In the mean time, I'm planning to not touch the convolution layers at all and swap out the FC and detection layer with the following.

[connected]
output= 735
activation=linear

[detection]
classes=5
coords=4
rescore=1
side=7
num=2
softmax=0
sqrt=1
jitter=.2

object_scale=1
noobject_scale=.5
class_scale=1
coord_scale=5

Will keep you updated on how it works

from darkflow.

thtrieu commented on May 19, 2024

The comparison is done at line 30 by == operator being overloaded in the definition of class Layer
If I understand you correctly, all you have to do is changing the definition of the last FC layer in .cfg like above, and then call for a partial load, no source code need to be modify.

from darkflow.

y22ma commented on May 19, 2024

and the number of classes in the detection layer as you have mentioned before right?

from darkflow.

y22ma commented on May 19, 2024

Training now! To detail what i'm doing, I loaded the CSV annotation file from udacity dataset to produce dumps in the same format you expect in data.py, and in the udacity dataset there are 5 difference classes.

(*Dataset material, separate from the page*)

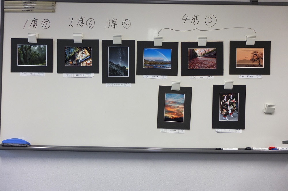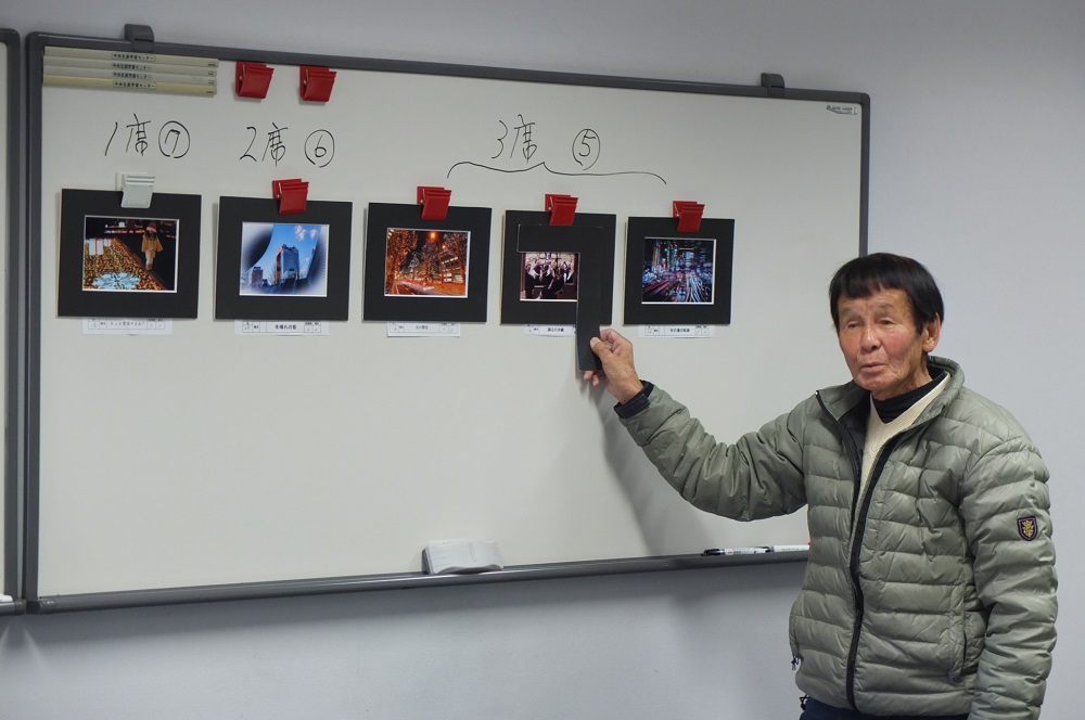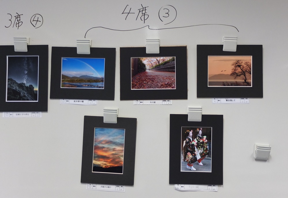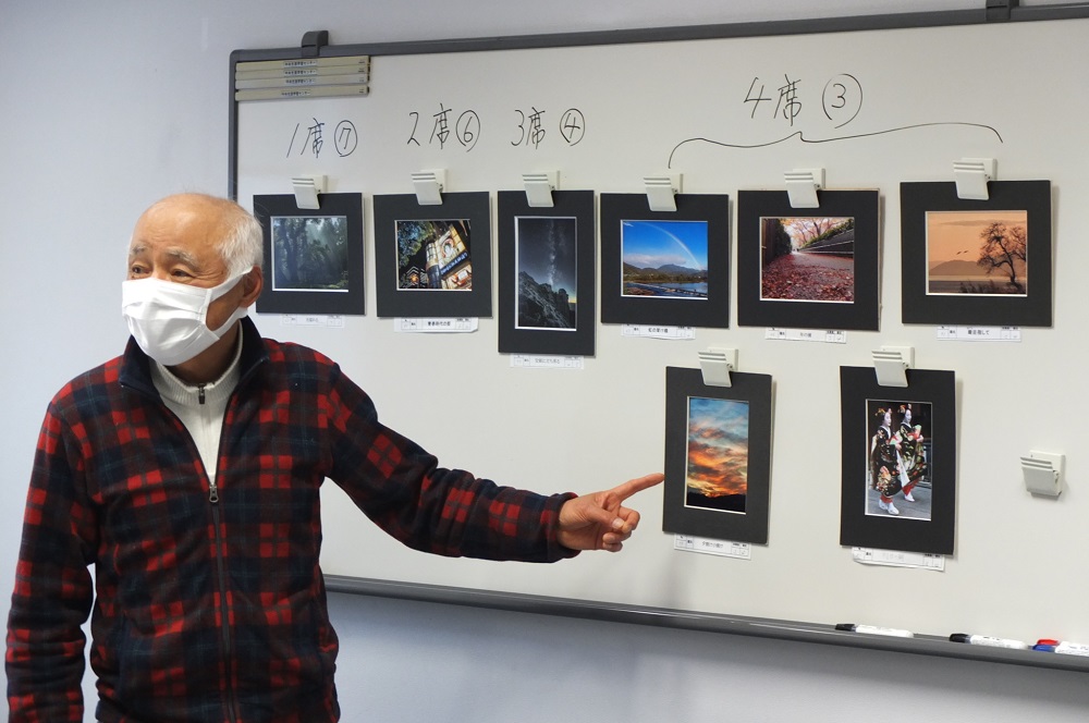 今月も力作ぞろいで、12月22日に実施したミニ撮影会「大阪イルミネーション」及び「年末年始風景」を課題作品とし、2作品。自由作品2作品を並べて、撮影会作品の部で1席から3席まで計5作品、自由作品の部で、1席から4席まで計7作品が入選しました。入選作品は撮影者が作品を紹介し、コメンタ-八木さん、福井さんから入選作品についてコメント・アドバイスを受けました。後半は各個人の作品をプレゼンの後、コメンターを指名して寸評と意見をもらいました。

Will keep you posted, and any tips would be much appreciated!

from darkflow.

thtrieu commented on May 19, 2024

The bullet points at the end of this post might be helpful https://thtrieu.github.io/notes/Fine-tuning-YOLO-4-classes#hand-picking-good-feature

Besides, I would love to reference your training results/demo on this repo's README. If that's okay, do notify me when you're ready.

from darkflow.

y22ma commented on May 19, 2024

Really good tips. I have the following for sample size at the moment

car: 60788
biker: 1676
truck: 3503
trafficLight: 17253
pedestrian: 9866

Loss converged to 3.0 now. Will run the regular to see if it's reasonable

from darkflow.

y22ma commented on May 19, 2024

@thtrieu the loss shows up as 2.4, but when I perform testing using my test point, the probability produces nan. Just wondering if you have any clue how that could be possible? I'm guessing that nan would've been produced during training as well?

from darkflow.

thtrieu commented on May 19, 2024

Can you describe in detail what commands you did to obtain these results. They all seem new to me.

from darkflow.

thtrieu commented on May 19, 2024

It is totally okay with the Inits. The table tells you which layer are loaded from .weights file, not ckpt. As long as following this table is the message Loading from ./ckpt/tiny-yolov1-5c-<number> and Finished in <>second then you're doing fine.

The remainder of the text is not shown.